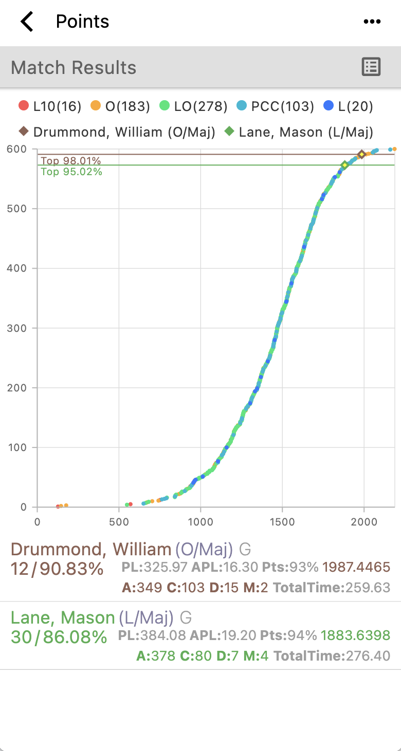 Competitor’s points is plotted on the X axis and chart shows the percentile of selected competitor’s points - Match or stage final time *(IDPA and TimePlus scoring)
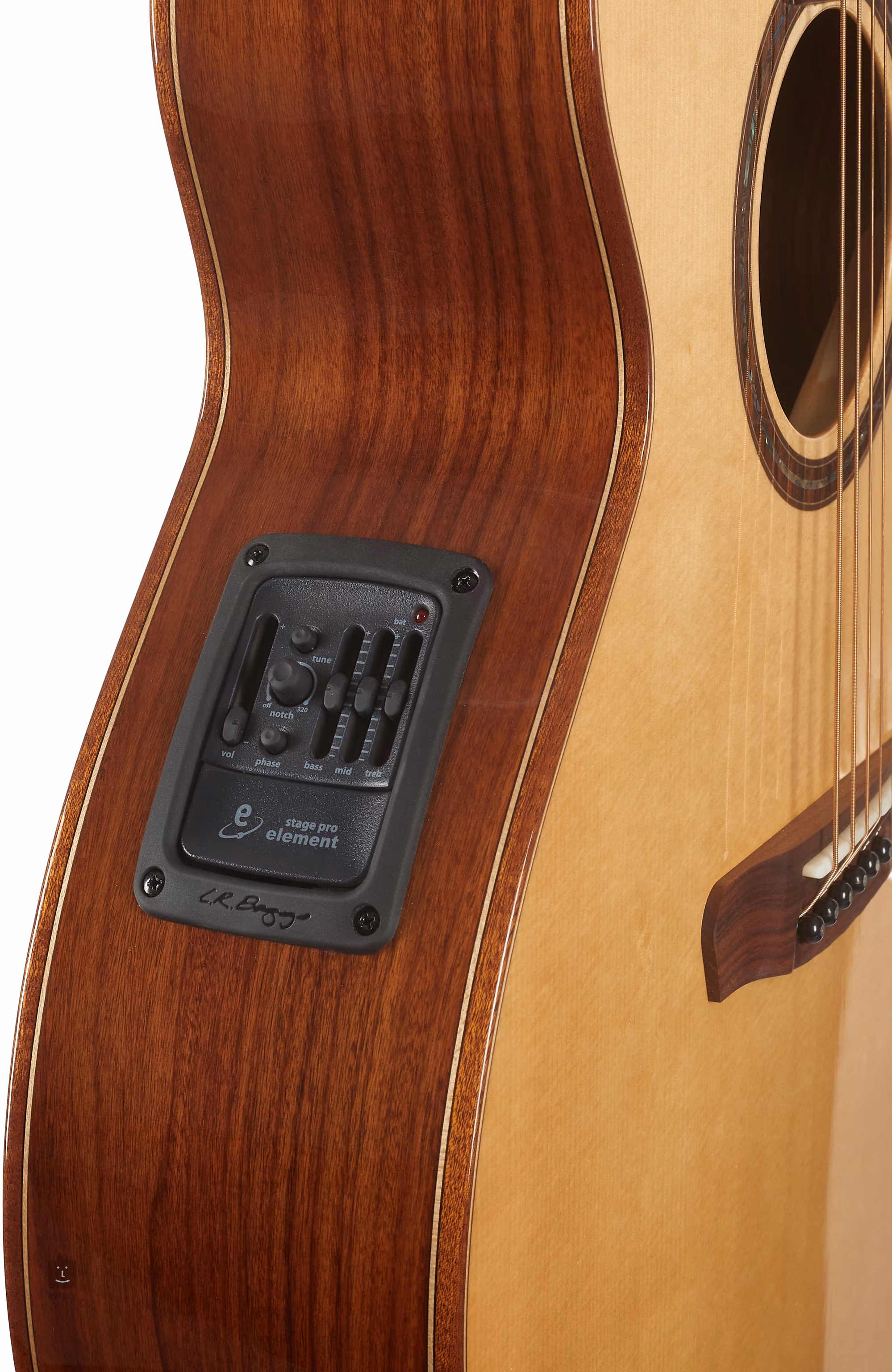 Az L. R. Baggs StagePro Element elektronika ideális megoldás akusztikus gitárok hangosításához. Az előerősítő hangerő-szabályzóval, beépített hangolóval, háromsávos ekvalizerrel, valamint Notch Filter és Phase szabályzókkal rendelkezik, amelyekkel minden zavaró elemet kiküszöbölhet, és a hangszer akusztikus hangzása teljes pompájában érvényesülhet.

* * *

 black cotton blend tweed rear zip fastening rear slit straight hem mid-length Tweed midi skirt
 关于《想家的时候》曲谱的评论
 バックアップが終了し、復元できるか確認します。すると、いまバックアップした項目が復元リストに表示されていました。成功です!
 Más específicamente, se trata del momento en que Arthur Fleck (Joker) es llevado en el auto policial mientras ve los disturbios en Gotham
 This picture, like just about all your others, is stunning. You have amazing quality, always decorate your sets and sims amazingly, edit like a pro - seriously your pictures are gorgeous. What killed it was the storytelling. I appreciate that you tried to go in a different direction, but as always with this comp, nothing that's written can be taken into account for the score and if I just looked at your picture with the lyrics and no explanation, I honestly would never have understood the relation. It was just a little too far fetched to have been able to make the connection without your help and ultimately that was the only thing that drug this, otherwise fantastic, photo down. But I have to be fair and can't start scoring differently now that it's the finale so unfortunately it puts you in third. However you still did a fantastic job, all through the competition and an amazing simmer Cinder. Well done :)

* * *

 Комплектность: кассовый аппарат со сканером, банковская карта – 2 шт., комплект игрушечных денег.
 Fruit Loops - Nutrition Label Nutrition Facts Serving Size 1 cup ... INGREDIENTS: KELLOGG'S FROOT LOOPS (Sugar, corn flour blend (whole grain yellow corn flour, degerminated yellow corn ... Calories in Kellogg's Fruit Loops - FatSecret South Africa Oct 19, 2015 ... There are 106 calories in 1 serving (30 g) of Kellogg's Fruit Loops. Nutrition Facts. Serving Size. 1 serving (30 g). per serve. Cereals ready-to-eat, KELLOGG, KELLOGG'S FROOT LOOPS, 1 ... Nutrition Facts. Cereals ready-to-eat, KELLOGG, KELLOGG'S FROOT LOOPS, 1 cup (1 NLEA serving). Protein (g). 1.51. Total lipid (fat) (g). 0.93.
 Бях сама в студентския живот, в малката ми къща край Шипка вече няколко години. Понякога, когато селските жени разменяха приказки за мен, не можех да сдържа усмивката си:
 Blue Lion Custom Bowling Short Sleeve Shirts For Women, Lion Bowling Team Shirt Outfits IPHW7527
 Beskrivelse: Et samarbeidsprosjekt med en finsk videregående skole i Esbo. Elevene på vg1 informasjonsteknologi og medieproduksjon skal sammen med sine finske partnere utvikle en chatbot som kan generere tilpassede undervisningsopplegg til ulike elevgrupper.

_BRIEF:_
Extract, without any images, the part of the material above that opens with the line containing "Competitor’s points is" and closes with the line containing "Az L. R. Baggs", both lines included.

_RESPONSE FOR THIS EXERCISE:_
 Competitor’s points is plotted on the X axis and chart shows the percentile of selected competitor’s points - Match or stage final time *(IDPA and TimePlus scoring)
 Az L. R. Baggs StagePro Element elektronika ideális megoldás akusztikus gitárok hangosításához. Az előerősítő hangerő-szabályzóval, beépített hangolóval, háromsávos ekvalizerrel, valamint Notch Filter és Phase szabályzókkal rendelkezik, amelyekkel minden zavaró elemet kiküszöbölhet, és a hangszer akusztikus hangzása teljes pompájában érvényesülhet.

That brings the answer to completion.